月子は、ようやく彼に恋した先輩や同級生たちに気づいたよね?
じゃぁ、これからどうする?
そろそろ、月子もね。
……気づいただけでは、終われない
そんな気持ちが、芽生えるのかもね。
でも、でもわたし。
「……海原君のこと、諦めていないから」
「ねぇ姫妃、いまの言葉。よく聞こえなかったのだけれど……」
「そうだね、聞こえないようにつぶやいた」
「えっ?」
……だってそれで、あなたの心に火がついたら困るもの。
「月子は月子のペースで、進めばいいよ」
「どういうこと?」
「だって、それがあなたの魅力でしょ?」
不思議そうな顔をする、『戦友』にわたしは。
「鈍い女がひとりくらいいたほうが、世の中うまくいくもんだよ」
恋の先輩として、全部教えるつもりはないと暗に告げた。
「ねぇ、姫妃」
「な・あ・に?」
「さっきそんなこと、いってなかった気がするわ。それに、なんだか……」
女心には、鈍いクセに。
もう……。
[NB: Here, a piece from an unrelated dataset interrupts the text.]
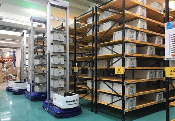 双深位料箱机器人HAIPICK A42D于香港某电商仓库运行

プライドは高いんだから……。
「随分と、失礼なことをいっていないかしら?」
「それくらいいいでしょ? わたし、性格悪いし」
「そんなのは、とうの昔に知っているわ。だからといって、わたしが『鈍い』だなんて、どういうことかしら?」
「その言葉どおり、だけど?」
「説明に、なっていないわよ」
「し・ら・な・いっ!」
「ちょ、ちょっと!ちゃんとわかるようにいいなさい!」
「い・や・で・す〜」
……ちょうど、そのとき。
水飲み場に、大きな声が響いた。
「ふたりとも、長い歯磨きだと思ってたら! 遊んでないでください!」
「えっ?」
「あら……」」
それから、わたしたちふたりは。
お腹を空かせた由衣に、怒られた。
でも正直わたしは、助かった。
だって、話しているうちにふと陽子のことが頭をよぎって。
『まだ』なのか、『やっぱり』なのか。
陽子の恋には、続きがある予感がしてきたから。
ただでさえ、美也ちゃんという強敵がいるのに。
そんなときに、わたしは。
……月子にまで、対応できないよ。
……解放された廊下の窓から、校庭の大きな声援がこだまする。
「とりあえず、戻るわよ」
「そうですよ、早く食べますよ」
「わたしも、一緒にた・べ・る!」
こうして、体育祭が進む中。
わたしたちは、わたしたちのペースで。
親友同士の、時間を過ごしていた。